Demographic characteristics of the study groups are summarized in Table 2. The average initial BMI values were similar in both groups and the initial body weights were comparable. The sex distribution was also similar in both groups.

Variable | Group 1, %TWL <20% (n = 18) | Group 2, %TWL ≥20% (n = 22) | P value | |
|---|---|---|---|---|
Age before surgery, y, median (IQR) | 42.5 (39.2–52.5) | 43 (35.25–49) | 0.67 | |
Sex, n (%) | Men | 6 (33.3) | 8 (36.4) | >0.99 |
Women | 12 (66.67) | 14 (63.6) | ||
Initial weight, kg, median (IQR) | 126.35 (121.75–140.75) | 121.5 (110.5–146.5) | 0.29 | |
Initial BMI, kg/m2, mean (SD) | 46.35 (5.01) | 44.13 (6.25) | 0.46 | |
Body fat mass, kg, median (IQR) | 62.25 (53.76–73.08) | 56.3 (50.15–67.22) | 0.51 | |
Metabolic syndrome, n (%) | Yes | 9 (50) | 9 (40.9) | 0.8 |
No | 9 (50) | 13 (59.1) | ||
Current smoker, n (%) | Yes | 3 (16.67) | 6 (27.27) | 0.68 |
No | 15 (83.3) | 16 (72.73) | ||
Type of procedure, n (%) | LSG | 17 (94.44) | 21 (95.45) | >0.99 |
LRYGB | 1 (5.56) | 1 (4.55) | ||
A P value <0.05 was considered significant. Abbreviations: LRYGB, laparoscopic Roux-en-Y gastric bypass; LSG, laparoscopic sleeve gastrectomy; others, see Table 1 | ||||
First, the changes in biological age markers resulting from the surgery were checked in group 1 and group 2. In both groups, the surgical intervention significantly reduced all the measured markers of aging. Table 3 shows the change in biological age parameters followingthe surgery.

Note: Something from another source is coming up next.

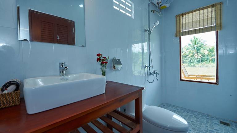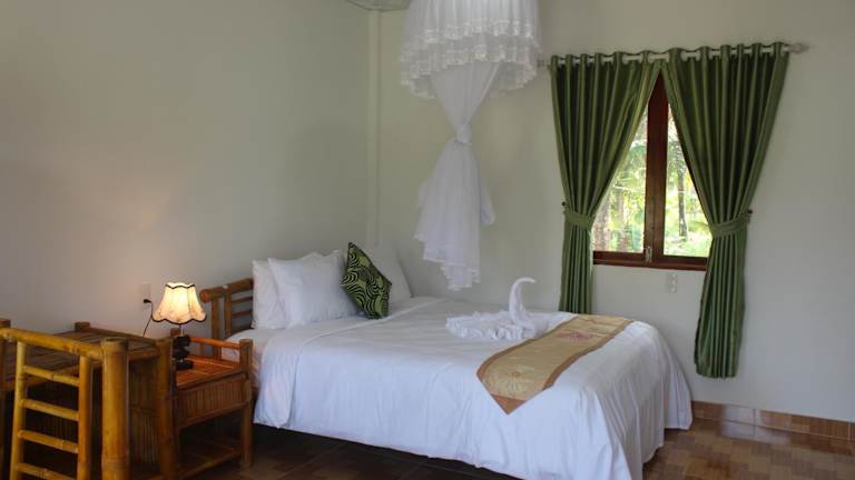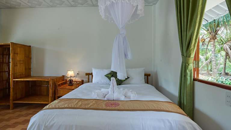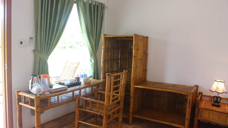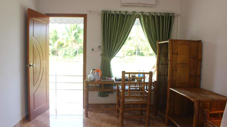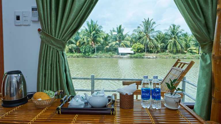 Die Zimmer in der Tra Vinh Lodge sind mit einem Schreibtisch, Bettwäsche und einem Balkon mit Blick auf den Fluss ausgestattet. Jedes Zimmer verfügt über ein eigenes Badezimmer, das mit kostenlosen Pflegeprodukten, einem Haartrockner und einem Bidet ausgestattet ist. Zur weiteren Ausstattung gehören ein Kleiderschrank und ein Wasserkocher.

Variable | Group 1, %TWL <20% (n = 18) | Group 2, %TWL ≥20% (n = 22) | ||||
|---|---|---|---|---|---|---|
Before surgery | 24 months after surgery | P value | Before surgery | 24 months after surgery | P value | |
TL, bp, median (IQR) | 4084 (3702.25–4285.75) | 9300 (7146–9969) | <0.001 | 4069 (3209–4443.75) | 9384 (8 853–10 773) | <0.001 |
DNA damage, pg, median (IQR) | 1376.9 (1126.64–1636.22) | 611.2 (522.28–707.26) | <0.001 | 1518.15 (1198.23–1983.64) | 804.61 (634.68–1028.67) | <0.001 |
IL-6, pg/ml, median (IQR) | 3.49 (2.45–4.52) | 2.94 (2.2–3.71) | 0.03 | 4.45 (3.14–5.74) | 3.18 (2.42–4.08) | 0.007 |
CRP, mg/dl, median (IQR) | 5.64 (5.2–6.15) | 3 (2.47–3.56) | <0.001 | 6.09 (5.59–6.49) | 2.83 (2.3–3.28) | <0.001 |
TNF-α, pg/ml, median (IQR) | 23.17 (21.39–25.18) | 10.26 (9.75–10.8) | 0.03 | 24.96 (22.97–26.55) | 10.79 (9.75–11.72) | <0.001 |
TOS, µmol/l, median (IQR) | 246.5 (189–280.5) | 179.5 (145–209.5) | <0.001 | 199 (193.75–249.75) | 203 (144.75–221) | <0.001 |
Metabolic age, y, mean (SD) | 85.25 (16.84) | 73.59 (18.02) | <0.001 | 85.55 (17.04) | 62 (17.77) | <0.001 |
A P value <0.05 was considered significant. Abbreviations: see Table 1 and Figure 1 | ||||||
Subsequently, we compared whether the achieved Δ of change in the biological age markers following MBS differed between the groups. The results are visualized in Figure 1.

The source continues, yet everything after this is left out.